STREET ANGEL: SUPERHERO FOR A DAY by Brian Maruca and Jim Rugg
While STREET ANGEL: SUPERHERO FOR A DAY might not seem like much, it's a light action-packed comic almost anyone can enjoy.
82 %
As harmless as a ham sandwich

What makes a superhero super? Is it their god-like powers? Unshakable moral code? Or is it just the will to beat up baddies for a good grilled cheese sandwich? This very predicament is what the main character of STREET ANGEL: SUPERHERO FOR A DAY finds herself in. Written by Brian Maruca and drawn by Jim Rugg — this adventurous tale of a ninja-warrior teen with an endless appetite is a delight for teens and adults alike.

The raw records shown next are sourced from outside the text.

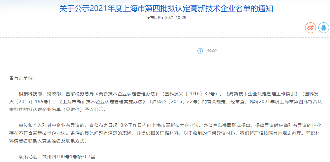 2021年10月29日,根据科技部、财政部、国家税务总局《高新技术企业认定管理办法》(国科发火〔2016〕32号)、《高新技术企业认定管理工作指引》(国科发火〔2016〕195号)、《上海市高新技术企业认定管理实施办法》(沪科合〔2016〕22号)的有关规定,上海市高新技术企业认定指导小组公示了2021年度上海市第四批符合认定条件的拟认定企业名单。凭借先进的科研技术和创新能力,上海太泽科技股份有限公司荣登榜单。
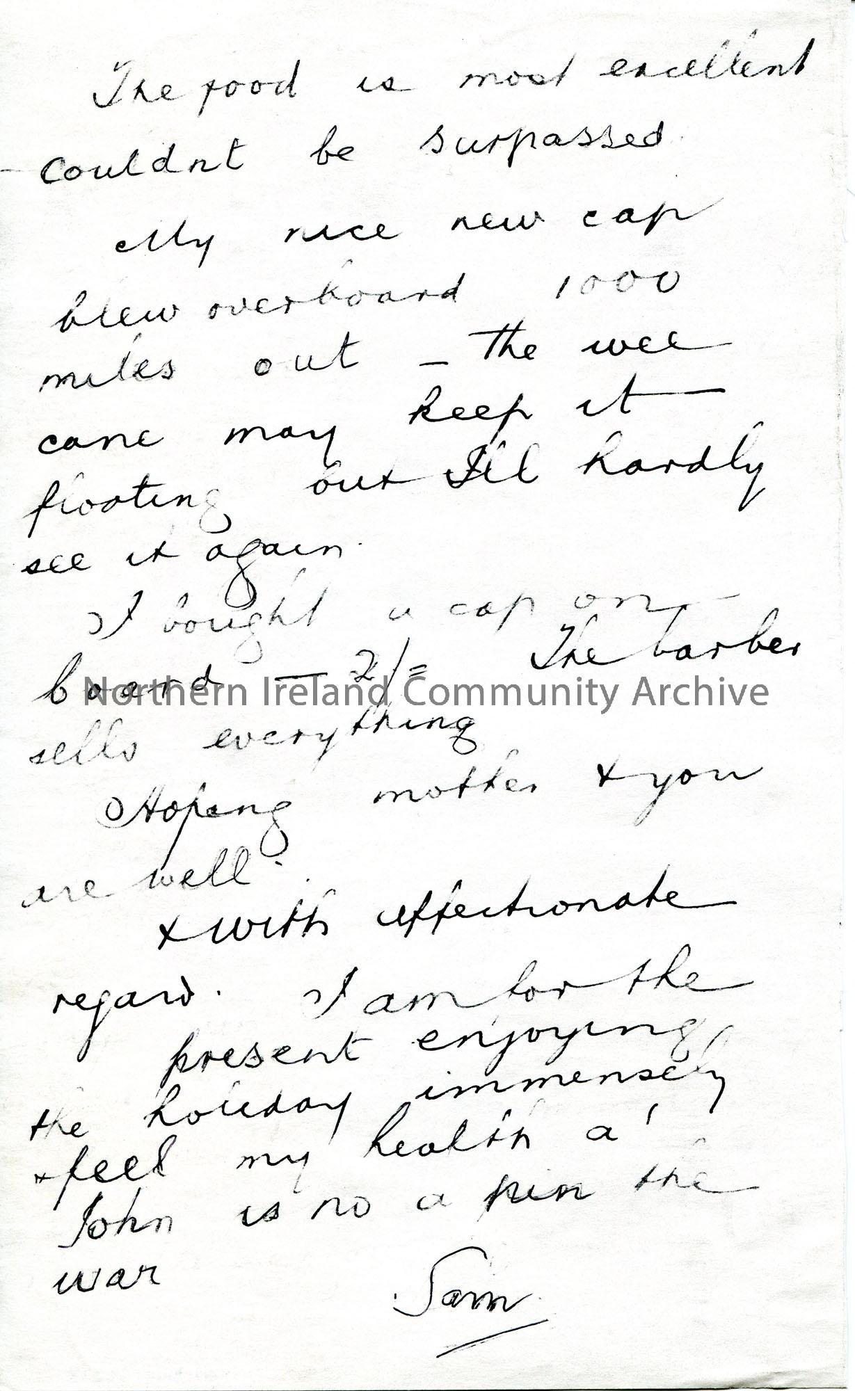 Page 8 of 8. Photocopy of a letter to Maggie from Sam Henry. Writing on board S S Furnessia. Sam is travelling with his Uncle John from Moville to New York. Writes of his sickness, involvement in on board concerts, bird life, keeping a diary, general life at sea.
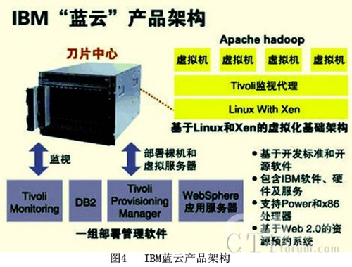 在IBM的云計算白皮書上,我們可以看到如下的藍云計算平臺配置情況。
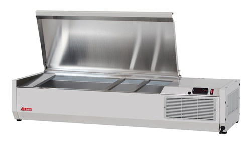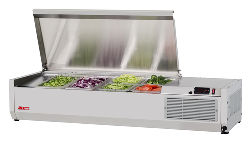 E-Line Countertop Salad Table, 47-1/4"L, side mounted self-contained refrigeration, accommodates (8) GN 1/6 size or (4) GN 1/3 size 6″ deep condiment pans (pans not included), digital temperature display on front panel, static cooling system, R290 Hydrocarbon refrigerant, stainless steel interior & exterior, 1/6 HP, 115v/60/1-ph, 2 amps, NEMA 5-15P, cETLus, ETL-Sanitation (contact sales for lead time)
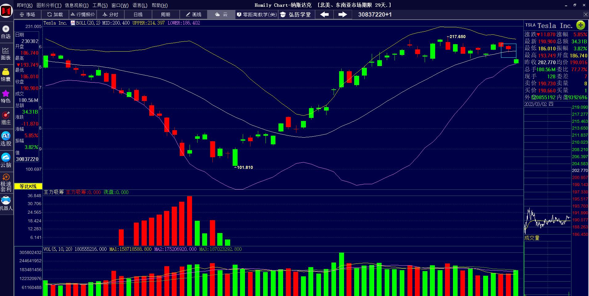 1、从布林线通道来看昨晚已经跌破布林线中轨,意味着上升趋势结束,后面会进入横摆或下跌趋势,若跌破了下轨容易演化成下降趋势
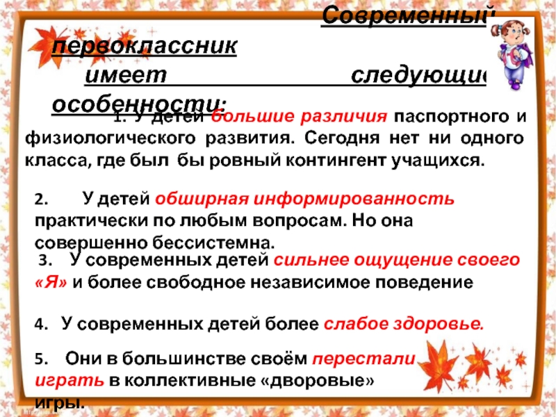 1. У детей большие различия паспортного и физиологического развития. Сегодня нет ни одного класса, где был бы ровный контингент учащихся.
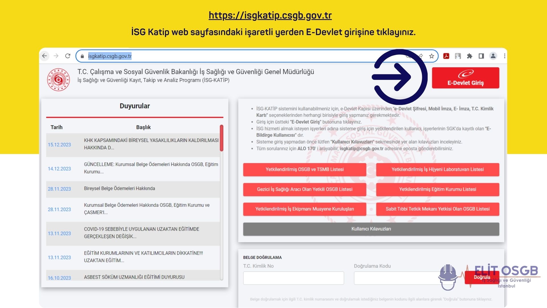 İSG Katip sistemine https://isgkatip.csgb.gov.tr/ adresinden ulaşabilirsiniz.
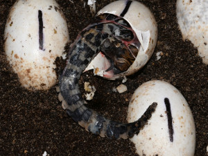 „Ve volné přírodě matka vzorně hlídá hnízdo, které si staví ze zetlelého materiálu. Jakmile uslyší zvuky podobné žabímu kvákání, začne pomáhat mláďatům při líhnutí. U nás tuto péči zastává ošetřovatel a líheň," uvedl Javůrek.
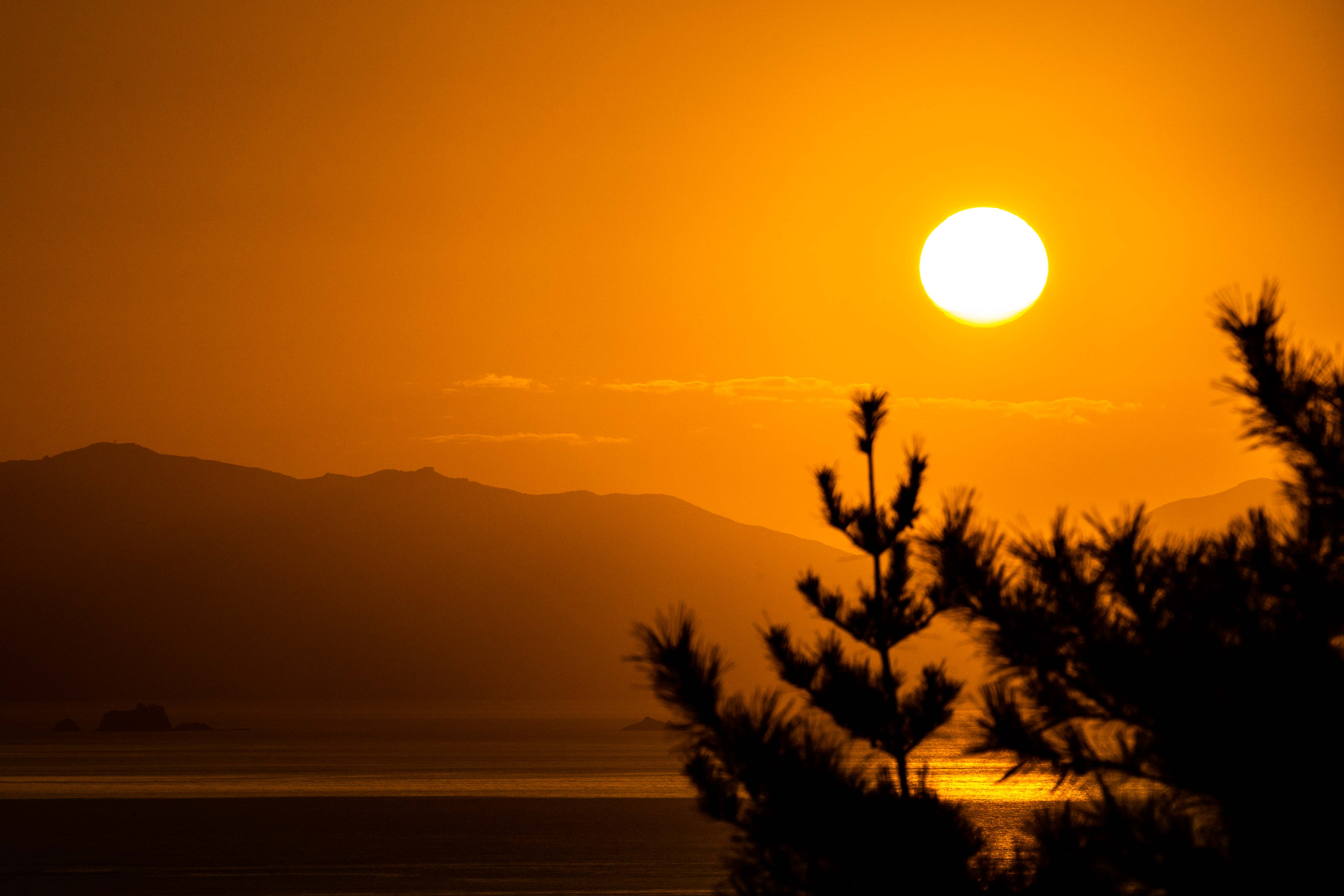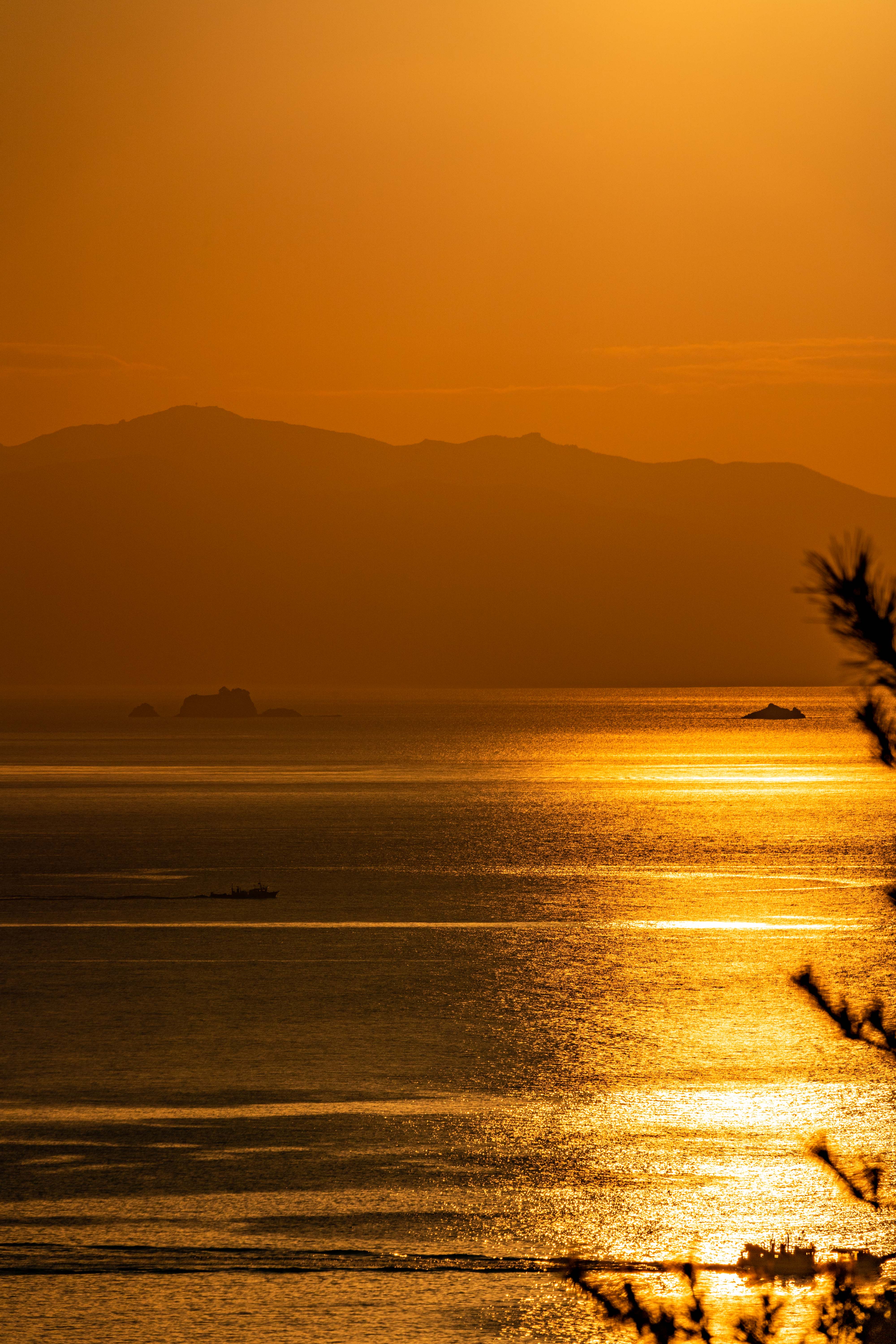 바다 산 하늘이 이어지며 파랑 - 검정 - 빨강으로 그라데이션을 만들어냅니다.
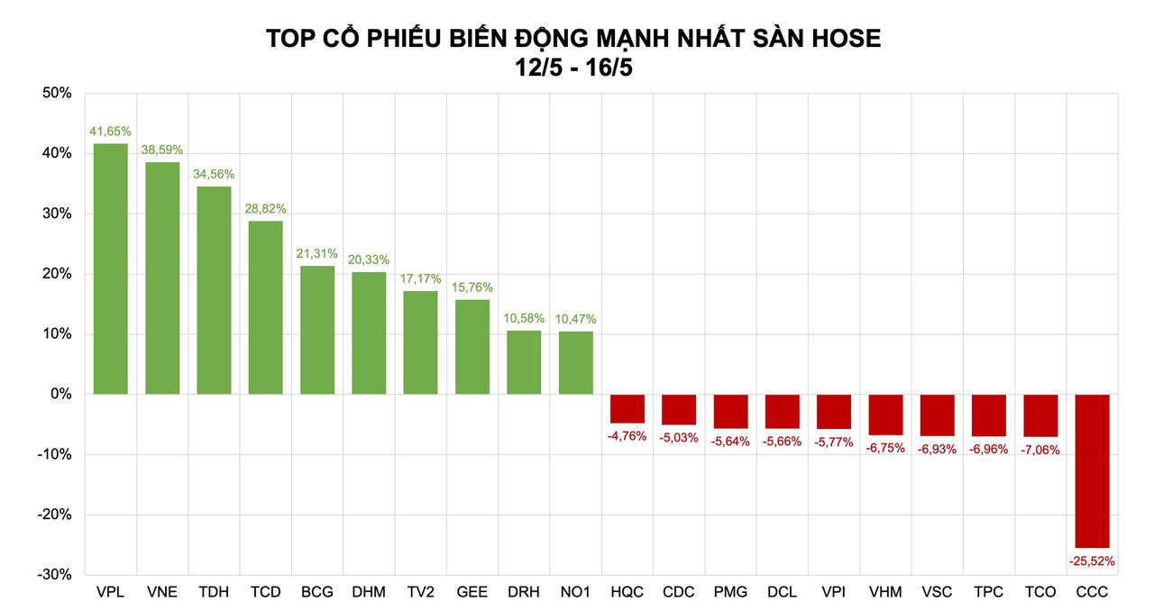 Ở chiều ngược lại, nhóm giảm giá mạnh nhất trên HoSE trong tuần qua bao gồm CCC (−25,52%), TCO (−7,06%), TPC (−6,96%), VSC (−6,93%), VHM (−6,90%), VPI (−5,77%), DCL (−5,66%), PMG (−5,64%), CDC (−5,03%) và HQC (−4,76%).
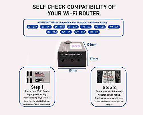 Quick installation with Plug and Play Design, Extremely light in weight and portable, Mini UPS for Wi-Fi Router comes with additional connectors that supports all Major DC Wi-Fi Routers. Contents in the box: Router Online UPS (1), Bridge Cable (2), Power Adaptor (1), Connectors (2), User-Guide (1) & Warranty Card (1).
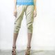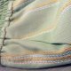 这日本面料特别精细. 不是一般的印花条子. 是用上3色交织而来. 底色是粉绿和橙色的交织. 条子图案是白色和橙色的组合, 断断续续的像车缝线效果. 此外我们用上比一般粗的缝线, 让裤子的骨位和线条更立体和明显. 腰贴是柔柔的粉红日本全棉布, 侧骨从腰部两侧顺延至前中, 懂时尚的你一定看得到. 裤脚的橡根线是完美的配色, 还有精致的脚边, 你有留意到吗?
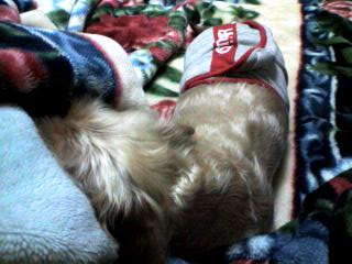 去勢後縫ってある箇所に絆創膏を貼っているのだが
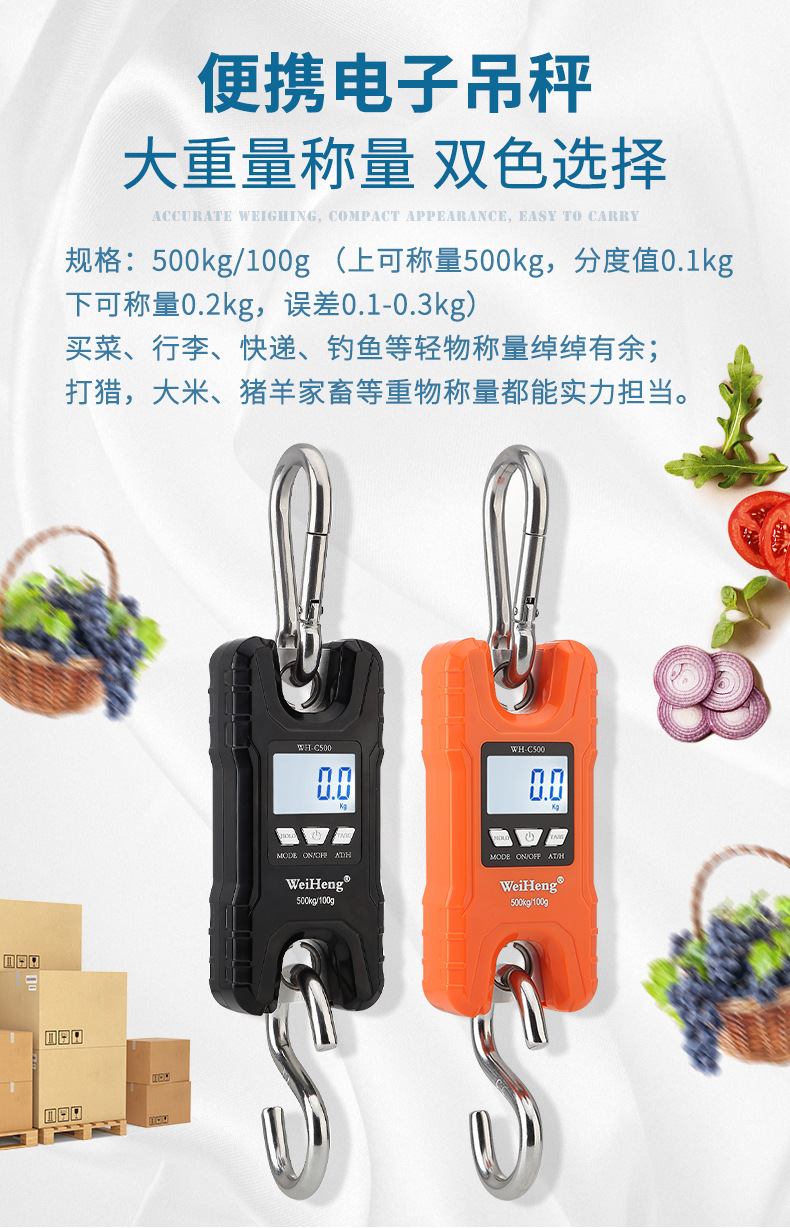 Wei Heng C500 500kg Электронные крановые весы 500 кг Электронные подвесные весы Крановые весы Портативные ручные весы с крючком
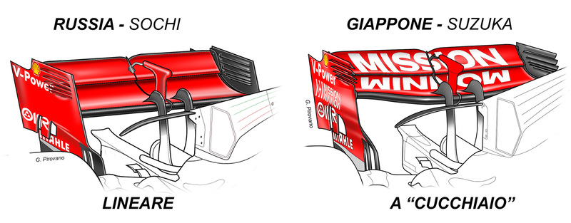 A Suzuka, teatro del Gran Premio di Giappone di Formula 1, la Ferrari ha portato un'ala posteriore a cucchiaio. In Russia le velocità di punta inferiori alla Mercedes erano dovute ad una scelta aerodinamica più carica rispetto a quella del team di Brackley, che utilizzava proprio un'ala posteriore a cucchiaio.
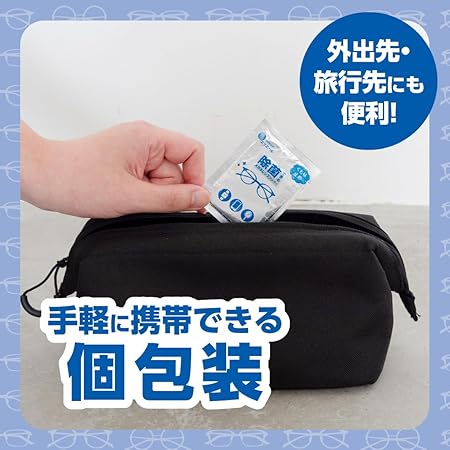 ・拭くだけでメガネレンズのくもりを防ぎます。
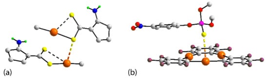 - Tsunoda, M.; Gabbai, F.P. Complexation of methylparathion and bis(2-hydroxyethyl)sulfide by the tridentate lewis acid [(o-C6F4Hg)3]. Heteroat. Chem. 2005, 16, 292–297. [Google Scholar] [CrossRef]
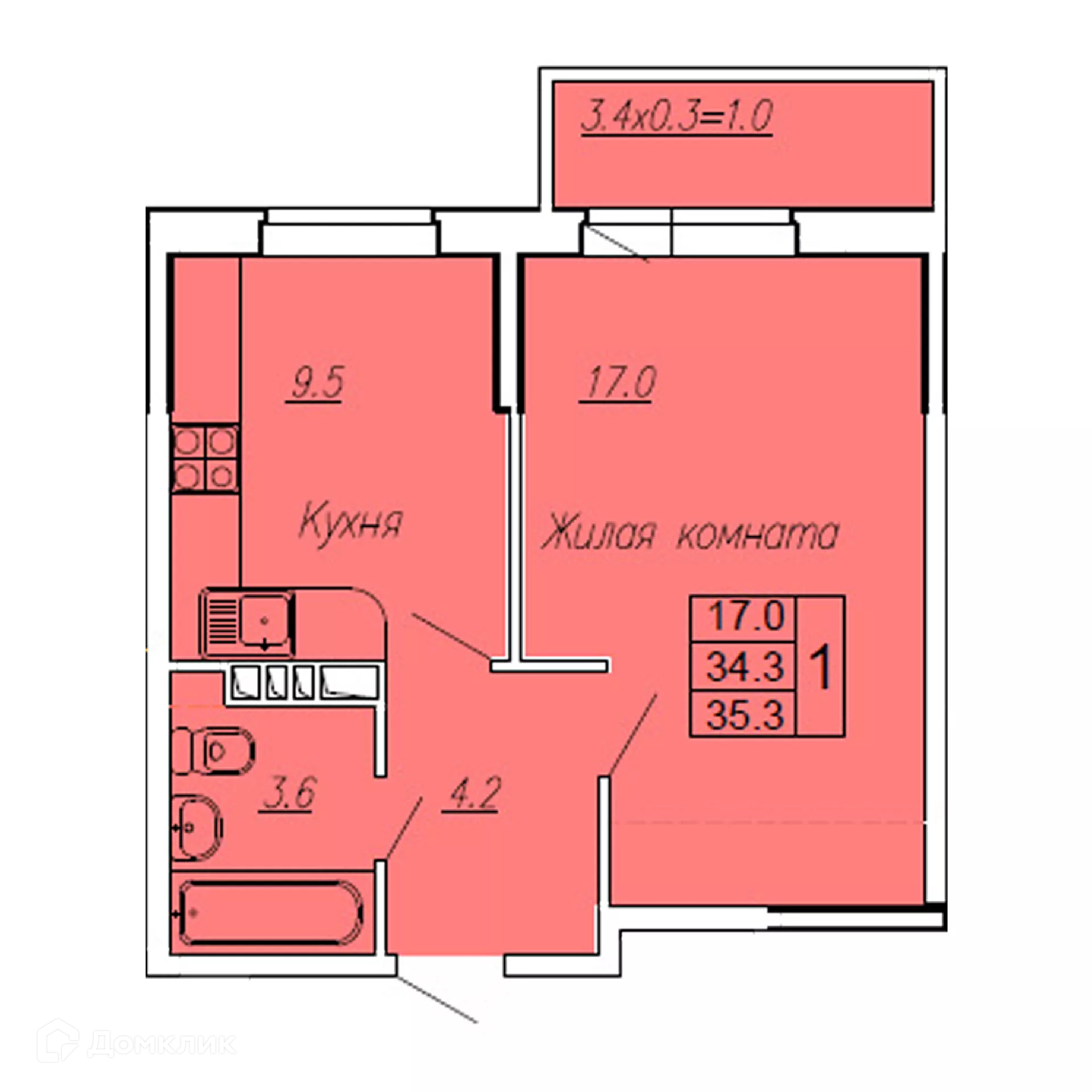 Общая площадь 35.3 м2
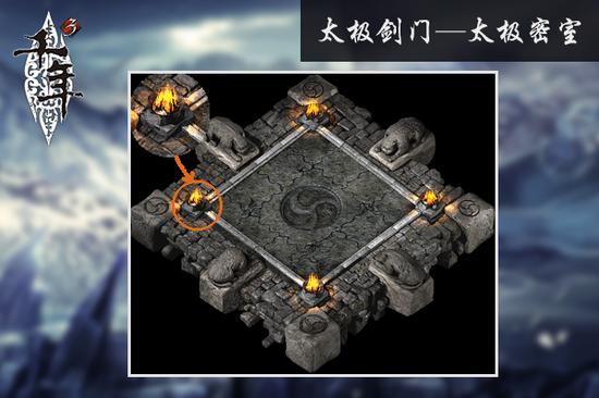 无极新区的太极剑门延续了原先的经典玩法设定,门内步步机关,步步惊心。入口的剑堂布有5个火炉,只有点燃它们,入口的石门才会开启,进入石棺洞后,英雄们将面临更大的挑战,如在众多酒坛里找到特定的酒坛打开拦路铁窗、广场杀怪点蜡台、机关区躲巨石、密室燃火炉等等……唯有拥有强大计算能力、敏捷反应速度及默契团队配合的英雄们才能闯关成功,获得最后的奖励。
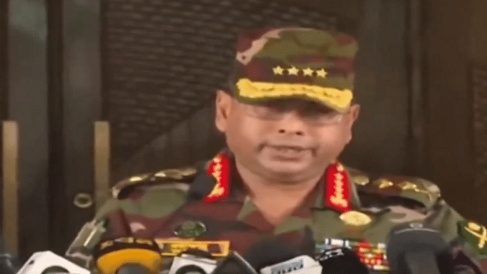 सेना प्रमुख ने प्रदर्शनकारियों से घर लौटने का आग्रह किया और पुलिस को प्रदर्शनकारियों पर गोली न चलाने का आदेश दिया। उन्होंने सरकारी नौकरियों में विवादास्पद कोटा प्रणाली के खिलाफ़ हफ़्तों तक चले घातक प्रदर्शनों में मारे गए हर प्रदर्शनकारी की मौत की गहन जांच का वादा किया। उन्होंने कहा कि अपराधियों को न्याय के कटघरे में लाया जाएगा।

Being Super in STREET ANGEL: SUPERHERO FOR A DAY Isn’t All That Super

The story follows Jesse Sanchez and her friends as they discover this alien artifact known as a Hover Ring. In their crime-ridden city of Wilksboro, such an object fetches a pretty price. Enough to get Jesse a much-needed sandwich anyway. Yet before she can skate away with the ring, Emma, one of her friends, tries it on and suddenly gets superpowers. From there, Jesse and her gang try to help Emma control her new-found abilities while avoiding the attention of some less-than-friendly civilians and heroes.

Courtesy of Image Comics

In terms of narrative complexity, there’s not much to say. This is one of the few Image comics targeting specifically teenager audiences, and it shows. None of the characters really get fleshed out a ton, but that’s not really the purpose of the story. It’s really to tell a light-hearted hero’s tale that anyone can pick up and enjoy. Yet at the same time, this lighter story might have some scratching their heads wondering, “that’s it?” At times, it seems to be rising towards a larger narrative that would span a few issues. Yet instead of doing that, it more or less just ends within this self-contained story. Granted, it is an enjoyable story, but not quite what I was expecting from this team.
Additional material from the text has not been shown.